When you add Gaussian noise, the smallest and largest observations are no longer sufficient for and MLEs of $a,b$.
Instead consider the likelihood which, in the usual way, is given by the product of the density of each $\mathbf{y}_i$, in this case given by \begin{align} f(\mathbf{y})&=\int_a^b f(\mathbf{y}|z)f(z)dz \\&=\frac1{2\pi\sigma_v^2}\int_a^b e^{-\frac1{2\sigma_v^2}[(y_1-z)^2+y_2^2]}\frac1{b-a}dz \\&=\frac1{\sqrt{2\pi}\sigma_u}e^{-\frac{y_2^2}{2\sigma_u^2}}\frac{\Phi(\frac{y_1-a}{\sigma_u})-\Phi(\frac{y_1-b}{\sigma_u})}{b-a}, \end{align} where $\Phi$ is the standard normal cdf.
The resulting likelihood (or its log) should be straightforward to maximise numerically with respect to $a, b, \sigma_u^2$.
I would expect the MLEs of $a$ and $b$ to be biased, however, just like in the case of uniform observations without Gaussian noise, so some form of bias correction may be needed.
A simpler alternative is perhaps the method-of-moments. With three unknown parameters, we must equate three empirical and theoretical central moments.
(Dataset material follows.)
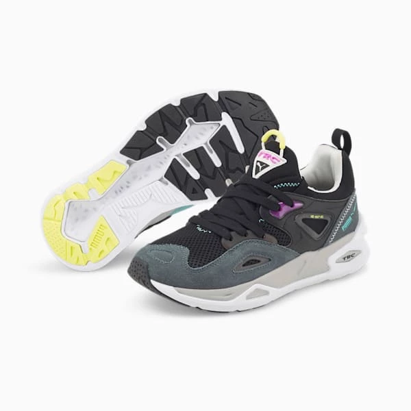 <h3> PRODUCT STORY </h3><p>Way back in the ’90s, our Trinomic sneakers heralded a new age of shoe technology. The designs centred around three core elements: cushioning, flexibility and stability – represented by the iconic triangle logo. Three decades later, we’re proud to introduce the TRC Blaze, inspired by the very same vintage running models. This time, an athletic mesh upper collides with suede overlays, Lycra features and TPU elements to form a chunky, cutting-edge silhouette.</p><h3> FEATURES & BENEFITS </h3><ul><li>CMEVA: PUMA’s compression-moulded EVA material for lightweight performance</li></ul><h3> DETAILS </h3><ul><li>Low boot</li><li>Mesh upper with suede toe and heel overlays</li><li>Synthetic leather A-frame overlay with embossed 3D detailing</li><li>TPU eyelets and windows</li><li>Lycra collar and tongue with mesh lining</li><li>CMEVA midsole</li><li>Non-marking rubber outsole</li><li>PUMA No. 2 Logo and PUMA Formstrip branding at lateral heel</li><li>TRC branding at heel pull</li><li>PUMA Big Kids style: Recommended for older kids between 8 and 16 years</li></ul>

Since the theoretical skew is zero and so does not depend on $a$, $b$ and $\sigma$, the first, second and forth central moments should be used.
Yet anotherAn alternative is Bayesian inference, perhaps using an improper uniform prior $\pi(\theta_1)\propto 1$ on $\theta_1=\frac{a+b}2$ and an independent scale prior $\pi(\sigma_u)\propto \frac1{\sigma_u}$ on $\sigma_u$. It would be tempting to use an independent, improper scale prior also on $\theta_2=b-a$ but I believe this would make the posterior improper (as in Hobert (1996)) as the likelihood tends to a positive limit as $\theta_2 \rightarrow 0$. A sensible way around this would be to assume that $\sigma_u$ and $\theta_2$ instead are of similar orders of magnitude, e.g. by letting $\pi(\theta_2|\sigma_u)$ be lognormal with a suitable variance.
The argument for the conditional informative prior $\pi(\theta_2|\sigma_u)$ also applies if $\sigma_u$ is known. Thus, completely "objective" Bayesian inference does not seem feasible for this model.